• **Exercise prompt**: Print, word for word, only the lines from the one with "高清视频监控系统建设监控点图" down to the last line of the listing below; no pictures.

• **Information shown**:
+--

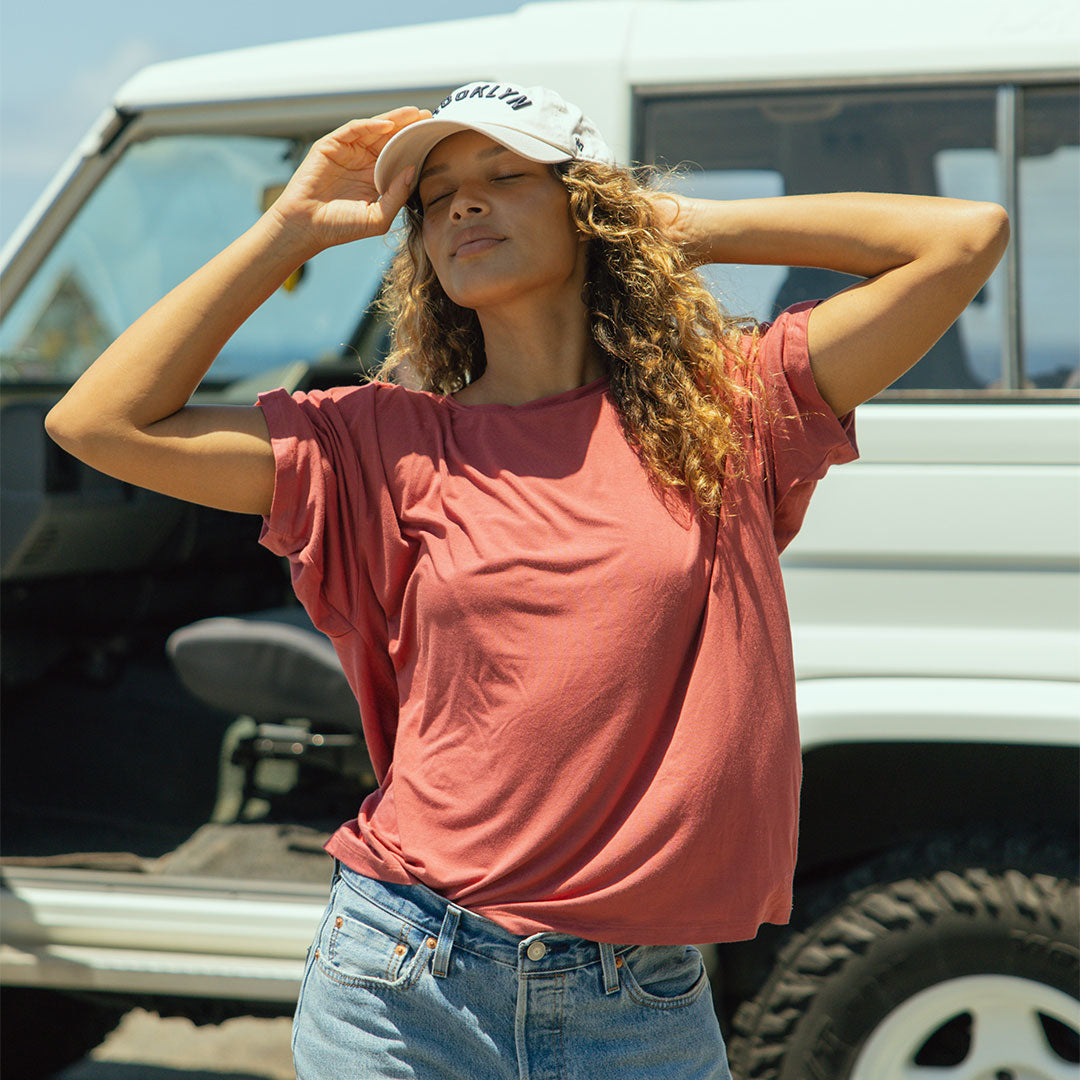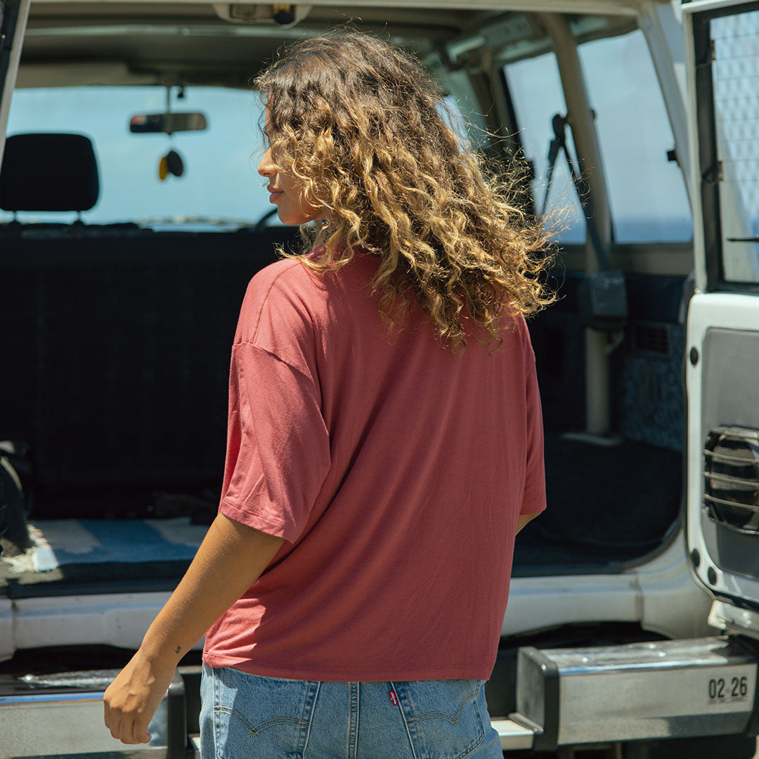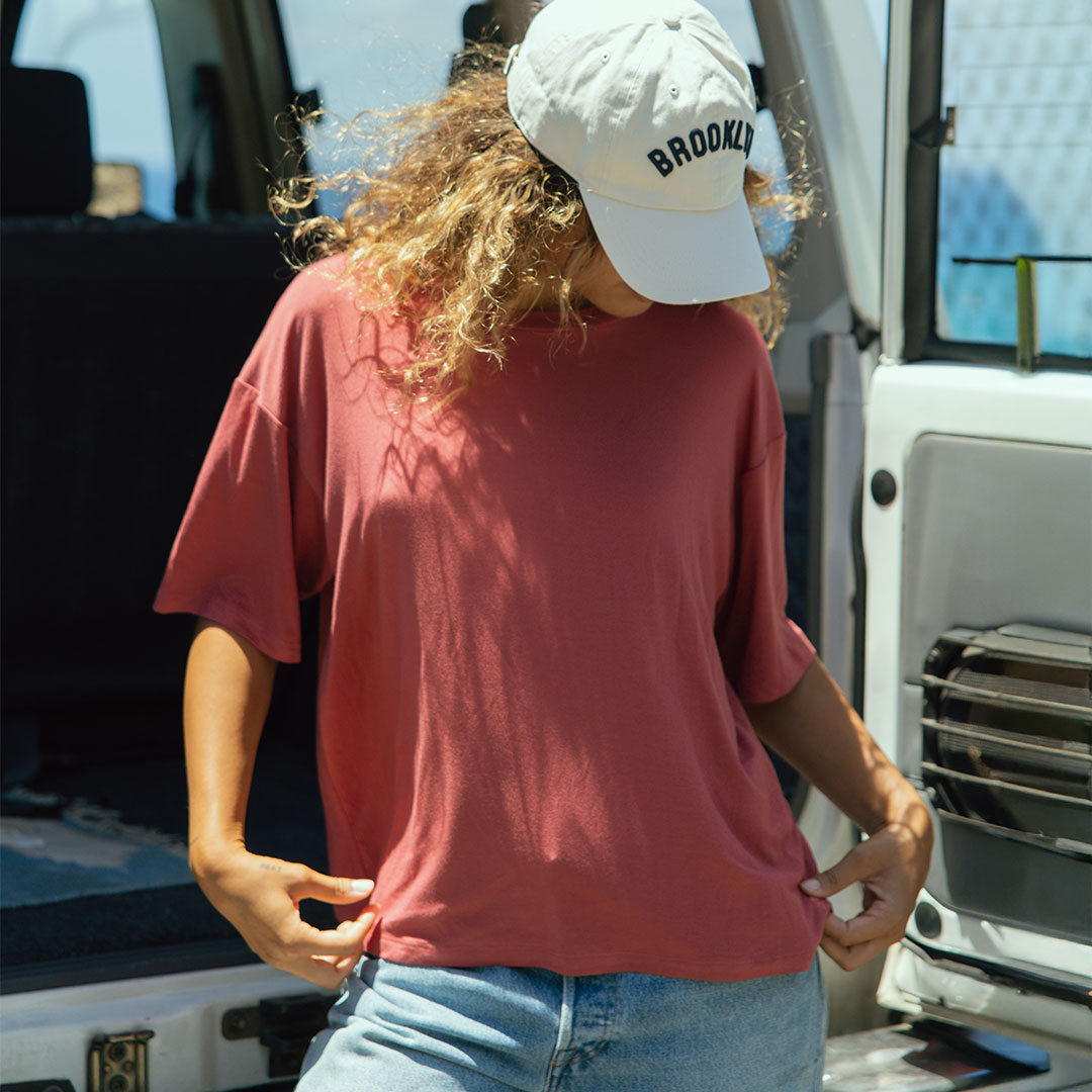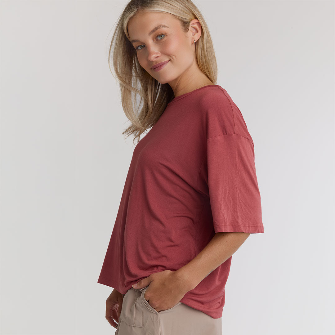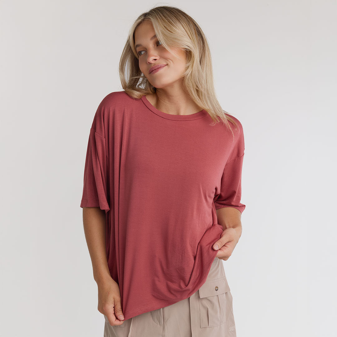 This tee is silky, soft, stretchy, and perfectly oversized. I am 5'6, 135 lbs, and got a size small. I have a long torso and the length was great with high waisted pants. A great closet staple!
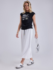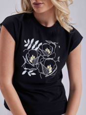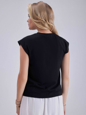 Эффектный дизайнерский базовый женский джемпер.Модель имеет универсальный прямой силуэт, подходящий для любых обладательниц этой модели,поскольку не стесняет движений. Закрывает плечи но при этом обеспечивает комфорт в движении, короткий рукав.Один из главных элементов модного образа, который обязательно должен быть в любом летнем женском гардеробе.Благодаря однотонному черному оттенку легко комбинируется с другими цветами,может использоваться фоном для более ярких оттенков,является прекрасной незаменимой базой,изящно выравнивает любой силуэт. По переду проходит разработанная дизайнерами печать в качестве изящных крупных контрастных вариаций цветов,привлекающих к себе внимание,задающих определенное настроение и способных даже влиять на человеческие эмоции. Стильный оригинальный, но не принужденный, вполне достойный летний вариант.
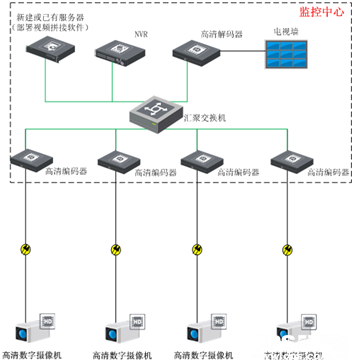 高清视频监控系统建设监控点图像全部接入视频监控专网,由分控中心进行24小时实时监控,并保证在突发事件发生时,监控中心能够调用现场实时图像信息进行指挥和调度。系统建设的思路如下:
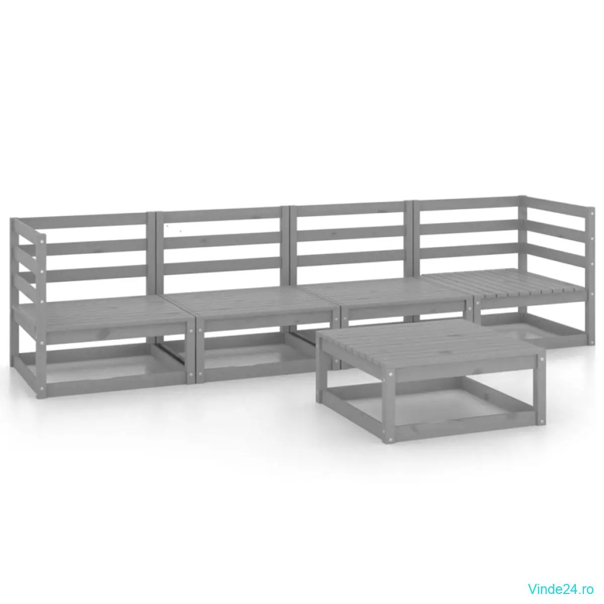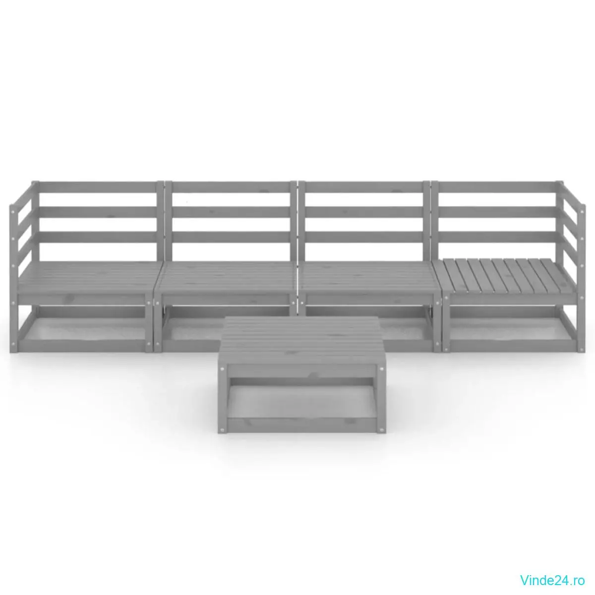 vidaXL Set mobilier de grădină, 5 piese, gri, lemn masiv de pin

+--

• **Solution**:
 高清视频监控系统建设监控点图像全部接入视频监控专网,由分控中心进行24小时实时监控,并保证在突发事件发生时,监控中心能够调用现场实时图像信息进行指挥和调度。系统建设的思路如下:
 vidaXL Set mobilier de grădină, 5 piese, gri, lemn masiv de pin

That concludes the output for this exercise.